BEGIN SUPPLIED INFORMATION

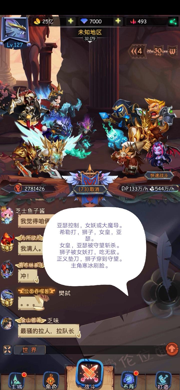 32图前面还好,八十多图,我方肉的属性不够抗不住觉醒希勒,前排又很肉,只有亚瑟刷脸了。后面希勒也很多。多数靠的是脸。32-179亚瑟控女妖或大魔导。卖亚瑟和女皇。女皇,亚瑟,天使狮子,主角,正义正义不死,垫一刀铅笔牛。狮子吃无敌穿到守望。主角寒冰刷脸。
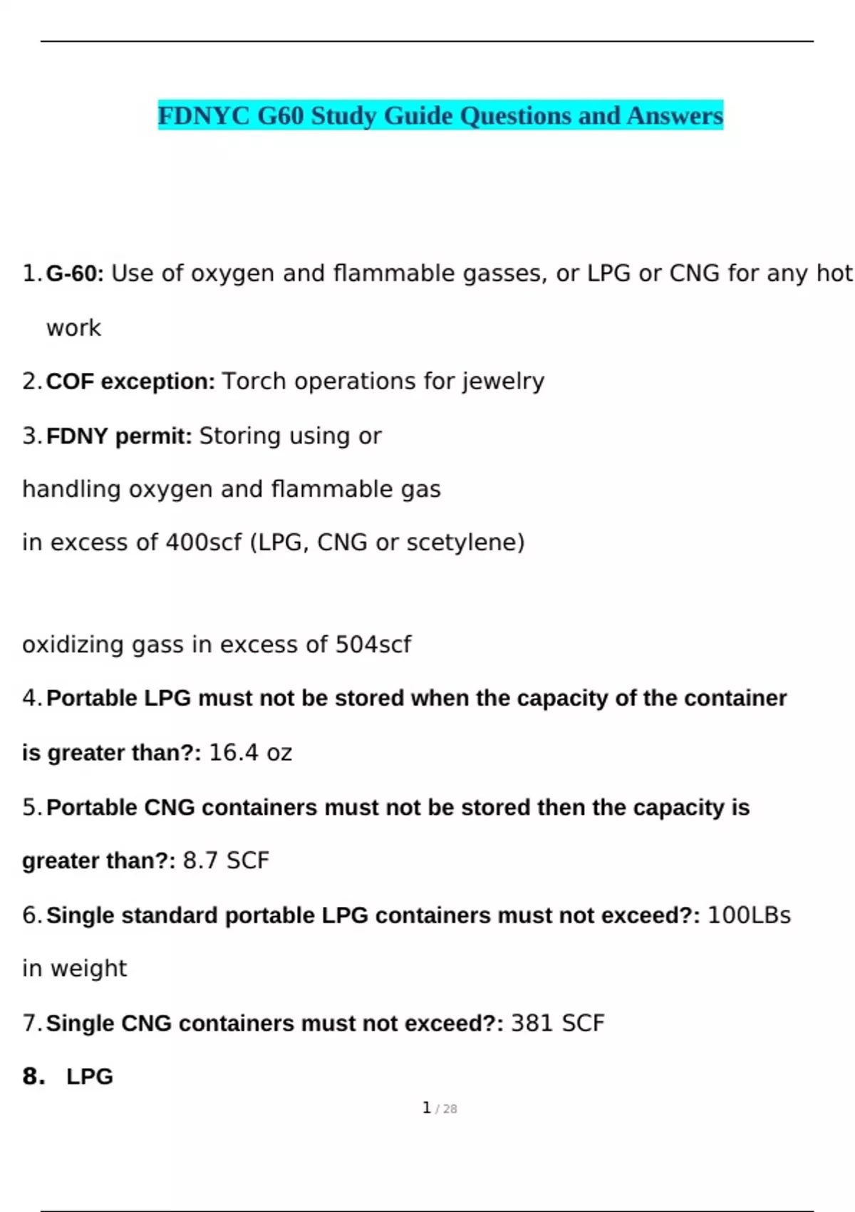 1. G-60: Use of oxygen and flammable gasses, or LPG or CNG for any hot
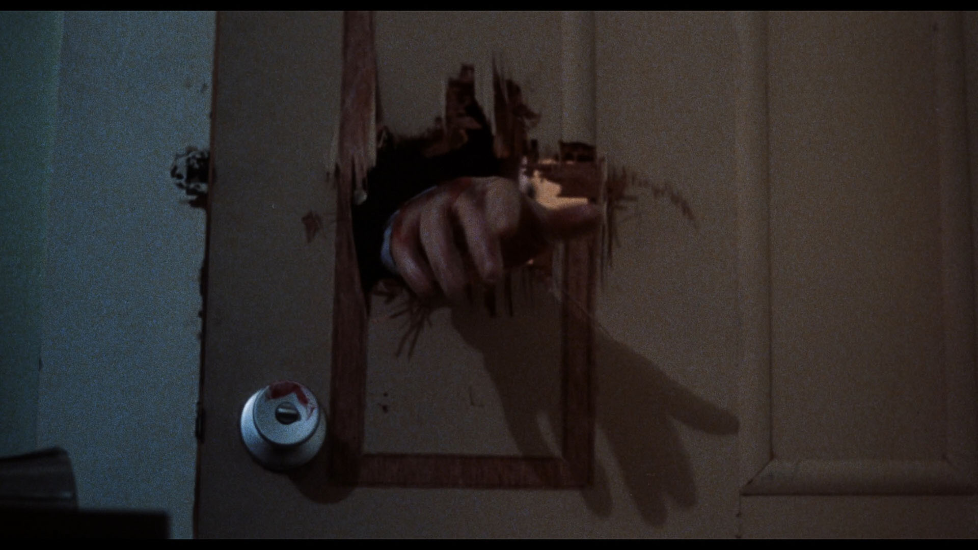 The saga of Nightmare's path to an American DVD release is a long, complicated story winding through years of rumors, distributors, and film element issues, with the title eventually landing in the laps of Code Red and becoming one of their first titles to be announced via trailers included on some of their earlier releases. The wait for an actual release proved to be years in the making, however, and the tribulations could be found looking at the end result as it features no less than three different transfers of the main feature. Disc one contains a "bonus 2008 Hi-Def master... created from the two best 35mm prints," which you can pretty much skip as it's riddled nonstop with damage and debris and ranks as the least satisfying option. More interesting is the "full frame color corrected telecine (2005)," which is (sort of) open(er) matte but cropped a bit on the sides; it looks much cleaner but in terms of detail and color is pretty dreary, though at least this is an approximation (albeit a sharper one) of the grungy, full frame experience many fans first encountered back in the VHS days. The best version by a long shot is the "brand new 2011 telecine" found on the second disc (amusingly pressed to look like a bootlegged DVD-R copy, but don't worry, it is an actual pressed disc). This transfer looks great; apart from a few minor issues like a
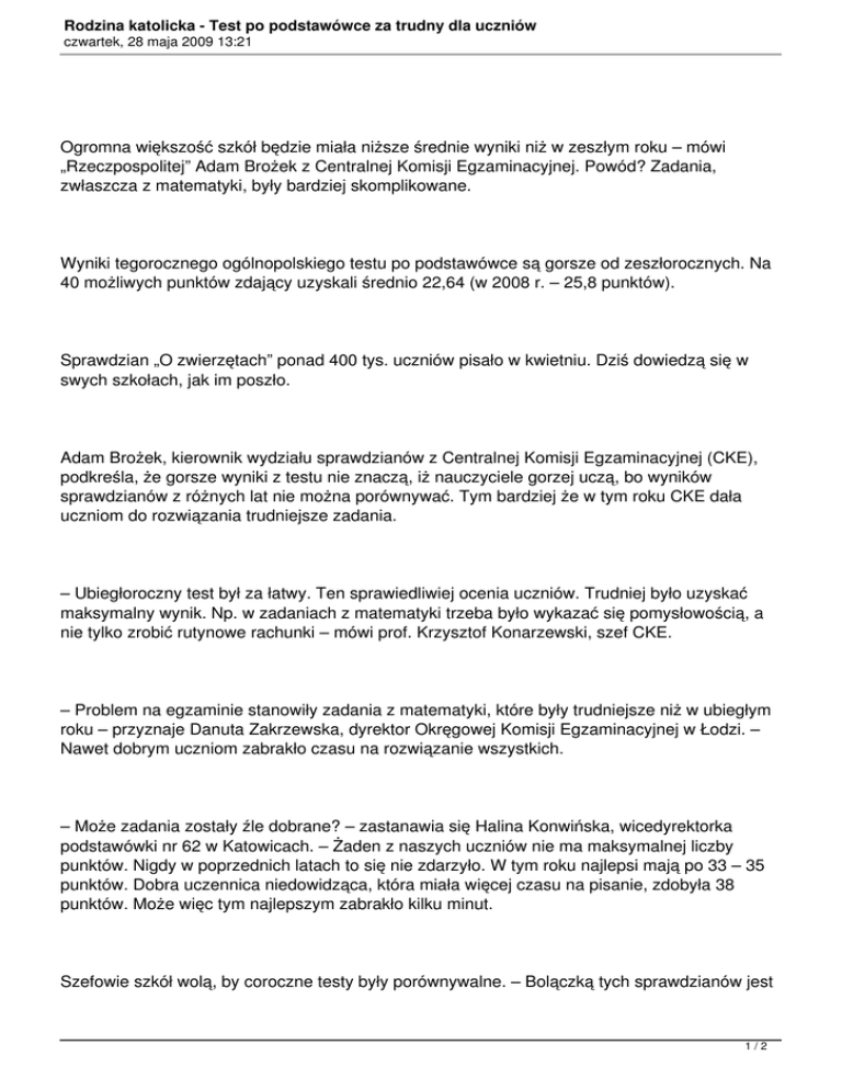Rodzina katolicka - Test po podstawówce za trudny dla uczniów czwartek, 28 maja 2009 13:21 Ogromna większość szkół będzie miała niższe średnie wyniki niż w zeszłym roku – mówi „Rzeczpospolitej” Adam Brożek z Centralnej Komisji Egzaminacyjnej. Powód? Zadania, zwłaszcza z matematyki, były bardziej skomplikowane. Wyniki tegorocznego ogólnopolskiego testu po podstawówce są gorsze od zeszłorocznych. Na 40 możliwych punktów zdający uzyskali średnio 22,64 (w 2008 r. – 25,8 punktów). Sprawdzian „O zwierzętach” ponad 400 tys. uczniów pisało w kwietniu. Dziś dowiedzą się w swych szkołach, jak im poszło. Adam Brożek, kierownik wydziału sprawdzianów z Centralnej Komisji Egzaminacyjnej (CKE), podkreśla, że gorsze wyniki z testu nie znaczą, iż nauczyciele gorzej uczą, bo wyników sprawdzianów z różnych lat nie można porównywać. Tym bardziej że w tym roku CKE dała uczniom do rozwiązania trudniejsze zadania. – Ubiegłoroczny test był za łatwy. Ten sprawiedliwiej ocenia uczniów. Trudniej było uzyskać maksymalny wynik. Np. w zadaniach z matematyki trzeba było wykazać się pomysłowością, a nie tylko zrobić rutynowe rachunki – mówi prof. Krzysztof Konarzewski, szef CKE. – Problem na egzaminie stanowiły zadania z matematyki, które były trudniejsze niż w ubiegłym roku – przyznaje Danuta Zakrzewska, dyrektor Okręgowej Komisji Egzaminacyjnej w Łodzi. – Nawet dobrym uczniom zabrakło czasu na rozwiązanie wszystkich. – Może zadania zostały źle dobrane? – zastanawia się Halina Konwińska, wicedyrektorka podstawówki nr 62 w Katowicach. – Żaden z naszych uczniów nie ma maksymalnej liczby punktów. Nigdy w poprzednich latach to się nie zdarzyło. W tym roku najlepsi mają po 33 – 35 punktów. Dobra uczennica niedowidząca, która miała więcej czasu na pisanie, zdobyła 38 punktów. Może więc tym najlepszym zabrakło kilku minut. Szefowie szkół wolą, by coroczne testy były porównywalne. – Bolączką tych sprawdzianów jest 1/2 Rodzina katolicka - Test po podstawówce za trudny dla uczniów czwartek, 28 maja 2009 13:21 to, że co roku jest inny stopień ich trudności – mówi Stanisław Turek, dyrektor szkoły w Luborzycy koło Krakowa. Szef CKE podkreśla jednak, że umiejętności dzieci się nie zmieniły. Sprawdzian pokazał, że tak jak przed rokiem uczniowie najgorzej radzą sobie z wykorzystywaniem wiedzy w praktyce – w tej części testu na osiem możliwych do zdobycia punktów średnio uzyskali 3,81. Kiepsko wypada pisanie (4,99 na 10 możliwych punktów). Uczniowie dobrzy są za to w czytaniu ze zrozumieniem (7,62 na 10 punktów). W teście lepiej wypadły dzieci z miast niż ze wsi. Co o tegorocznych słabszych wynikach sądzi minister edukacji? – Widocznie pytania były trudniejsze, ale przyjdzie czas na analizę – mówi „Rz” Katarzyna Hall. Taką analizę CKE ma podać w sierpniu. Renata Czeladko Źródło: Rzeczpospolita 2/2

END SUPPLIED INFORMATION

Leave the pictures out, and transcribe exactly the lines above starting at the one that contains "1. G-60: Use" and ending at the one that contains "The saga of".

RESPONSE FOR THIS EXERCISE
 1. G-60: Use of oxygen and flammable gasses, or LPG or CNG for any hot
 The saga of Nightmare's path to an American DVD release is a long, complicated story winding through years of rumors, distributors, and film element issues, with the title eventually landing in the laps of Code Red and becoming one of their first titles to be announced via trailers included on some of their earlier releases. The wait for an actual release proved to be years in the making, however, and the tribulations could be found looking at the end result as it features no less than three different transfers of the main feature. Disc one contains a "bonus 2008 Hi-Def master... created from the two best 35mm prints," which you can pretty much skip as it's riddled nonstop with damage and debris and ranks as the least satisfying option. More interesting is the "full frame color corrected telecine (2005)," which is (sort of) open(er) matte but cropped a bit on the sides; it looks much cleaner but in terms of detail and color is pretty dreary, though at least this is an approximation (albeit a sharper one) of the grungy, full frame experience many fans first encountered back in the VHS days. The best version by a long shot is the "brand new 2011 telecine" found on the second disc (amusingly pressed to look like a bootlegged DVD-R copy, but don't worry, it is an actual pressed disc). This transfer looks great; apart from a few minor issues like a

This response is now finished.